The StormShroud ACP was developed to meet an Urgent Capability Requirement raised by the RAF for a stand-in jammer. (Leonardo)

Taking heed of lessons from the conflict in Ukraine, NATO’s broad effort to recapitalise its suppression of enemy air defence (SEAD) capability is moving towards the accelerated introduction of stand-in jamming as part of a high/low capability mix.
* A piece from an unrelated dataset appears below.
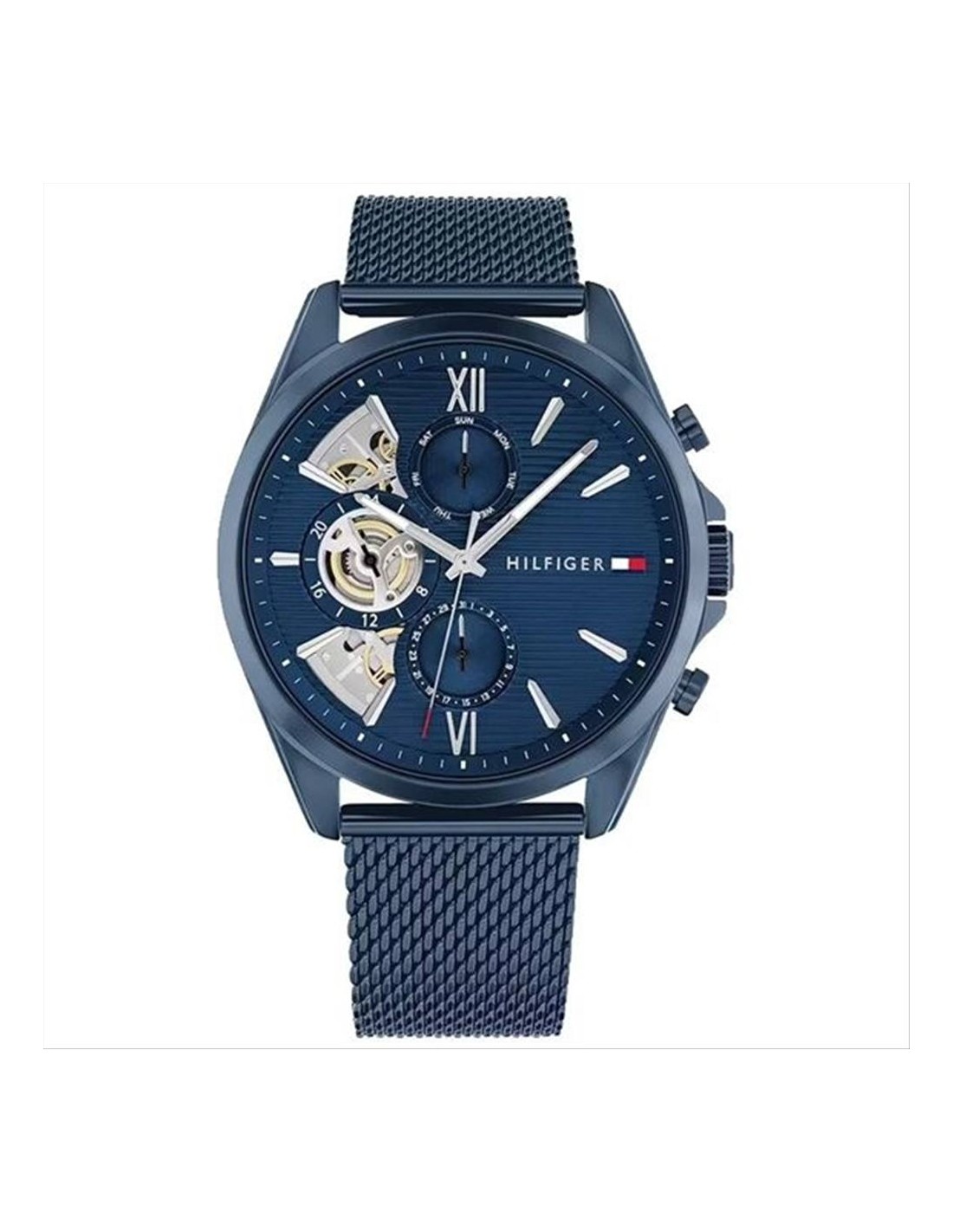 Orologio Tommy Hilfiger Baker, multifunzione uomo. Cassa in acciaio pvd blu da 44 mm, quadrante blu con indici e lancette silver. Vetro minerale. Movimento al quarzo. Cinturino in acciaio maglia milano pvd blu e impermeabilità di 5 atm.

Electronic warfare (EW) practitioners and defence scientific staff speaking at the AOC Europe 2025 conference in Rome in early May affirmed the importance attached to deploying diverse stand-in effects alongside more traditional means of airborne electronic attack (AEA). They also revealed that the NATO Air Force Armaments Group (NAFAG) has directed work to develop a Capability Code to guide acquisition efforts across the alliance.

Rebalancing SEAD

SEAD – a shorthand that describes the methods and means to disrupt, degrade, or destroy the effective functioning of an adversary integrated air-defence system (IADS) – is recognised as fundamental to the success of any air campaign. It enables freedom of action in contested airspace, substantially improves the survivability of friendly air assets, and maximises the probability of prosecuting a successful attack against opposing forces. Suppression can be achieved in one of two ways: non-kinetic SEAD employs forms of electronic attack (EA) to jam surveillance and fire-control radars and disrupt communications nets to create a safe ‘window’ inside the missile engagement zone (MEZ); kinetic SEAD refers to the use of anti-radiation missiles and/or precision-strike weapons to destroy radar sites, surface-to-air missile batteries, and command-and-control nodes.